As the patients enrolled in the current study were likely heterogeneous with respect to EGFR mutation status and mechanisms of resistance to prior EGFR TKI treatment, it is difficult to draw firm conclusions about the clinical activity of cabozantinib in EGFR mutant NSCLC. The responses seen with the combination in phase I and the response seen with single-agent cabozantinib in phase II supported additional investigations of cabozantinib in NSCLC. A randomized discontinuation trial of cabozantinib in unselected patients with NSCLC reported a single-agent response rate of 10% [28]. The California Cancer Consortium completed a phase II study of 37 patients with NSCLC and an EGFR mutation who had progressed on prior EGFR TKI therapy using the combination dose of 40 mg qd for cabozantinib and 150 mg qd for erlotinib [29]. The reported toxicities in this phase II trial were similar to those reported in the current study. The response rate was 5.4% and the disease control rate (defined as PR or SD ≥8 weeks) was 67.6%. Furthermore, the role of VEGF inhibition to delay erlotinib resistance in patients with EGFR mutation NSCLC recently received renewed interest with publication of a positive phase II trial looking at the addition of the VEGF antibody bevacizumab to single-agent erlotinib as a first-line strategy [12]. Taken together, further exploration of cabozantinib in combination with erlotinib in patients with EGFR mutations is warranted, possibly selecting patients based on MET expression.

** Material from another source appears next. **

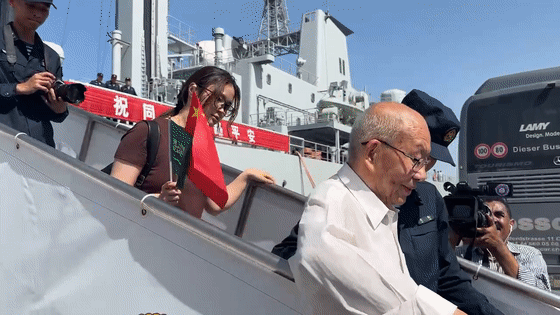 中國公民唐振揮舞着國旗激動地説:“感覺非常安心、非常踏實,祖國的軍艦來接我們,我們能夠回家了,感謝祖國!”

Cabozantinib, with and without erlotinib, also holds promise in other subsets of NSCLC. Activity with single-agent cabozantinib has been reported in a small series of patients with NSCLC with translocations in ROS1 [30] or RET mutations [31]. Specific trials in these patient populations are ongoing or planned. A phase II trial (E1512) focused on patients with EGFR wildtype disease randomized patients to either erlotinib alone (150 mg po qd), cabozantinib alone (60 mg po qd), or in combination (150 mg erlotinib/40 mg cabozantinib), with crossover to the combination for those with PD on either single agent. The study showed a significant improvement in PFS and OS with the cabozantinib-containing arms compared with single-agent erlotinib; follow-up studies are currently in development [32]. Correlative analyses of outcomes with MET, KRAS, and other known driver mutations are ongoing. These additional studies will provide further insight into a potential role for cabozantinib in the treatment of NSCLC.